Just a quickie - has anyone got a Hamilton Khaki Navy GMT on a steel bracelet, new model, who can advise what it's like for adjustability? I ask as the model H77615133 is half price at the mo' at an AD on the high street and I'm tempted to try it. Only thing is I've small wrists so always concerned about bigger watches and the strap sizing? Will it go down to say a 6.5" wrist or not? Any help much appreciated!

Thanks

Dave

Ps the 2 models on half price are a bit of a steal!


----------



## Stinch (Jul 9, 2008)

Dave I don't have that particular model but I've had 2 Hamiltons on bracelets and both have had enough removeable links to fit my wrist which is similar size to yours if not a bit smaller. I don't know about this particular bracelet but on the 2 I had the links were removed by pushing out pins which is quite commom but on one they were so tight that it broke my pin removal tool so it might be an idea to get the AD to do it and check that they haven't knackered anything afterwards (not something I'd normally recommend as I usually prefer to do it myself).

Roger


----------



## deepreddave (Jan 28, 2011)

Roger,

Cheers but maybe predictably they've all gone before I go tone  Bit irritating as it said in stock, went into my basket, allowed me to get right to checkout, final press and then No! I'll assume it's for the best but thanks alot anyways


----------



## deepreddave (Jan 28, 2011)

Update - popped into local store and they found 4 in the group so I have one coming from a branch not too far away  Pleased as my most expensive watch purchase ever so really hoping it feels good on and not too big! Would have preferred a rubber strap I think but the ss one's probably the better all round option and I can always change that (but wow how dear are the ss bracelets!). Figuring if I don't like it I'll go for the refund or just sell it on..... so watch this space lol


----------



## deepreddave (Jan 28, 2011)

Well here's a pic - not great I know bit rushed as off out.
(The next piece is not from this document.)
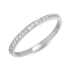 This Band is available in 14K White Gold. There are a total of 17 stones. There are Round with a total carat weight of 0.15 set in a Micro Pave setting.
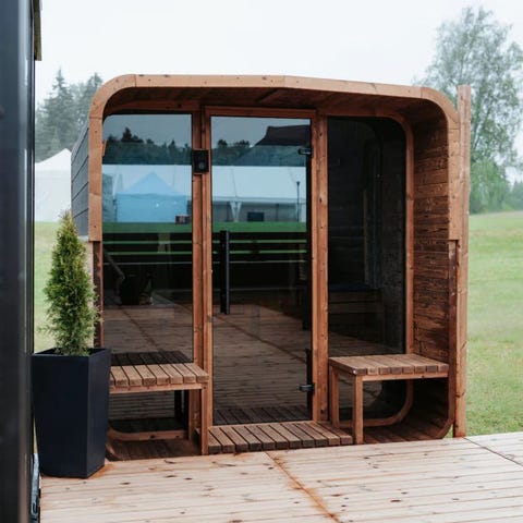 Flott sauna i kompakt størrelse til en god pris. Passer perfekt på hytta, hjemme eller hvor du ønsker muligheten til en avslappende tid i sauna. Her kan du også få en avkjølingstank med i samme utførelse som saunaen. Her kan du velge mellom flere forskjellige vedovner og elektriske ovner i tillegg til flere typer farger. Leveransen inkluderer også to sittebenker i thermowood, et stort vindu og belysning.

The marks on the glass are the plastic cover which I haven't taken off yet as still a teeny bit concerned it's a fraction big on my small wrists! Figured out all the functions, aside from which crown is the manual winding one (the instruction books next to useless but in 40 languages , and the font for the city names is a little feint for my liking but I'm never going to use the GMT side of things much tbh.

First impressions are of a very well made solid watch with some nice finishing touches. Bracelet sized down fine and doesn't feel too big on. Not sure on accuracy straight out the box but in the first 24 hrs it's gained 3 seconds which I can probably cope with.

Will take a better pic when I decide to remove the plastic..... assuming it's not up for trade for a similar condition and style 38-40mm one!


----------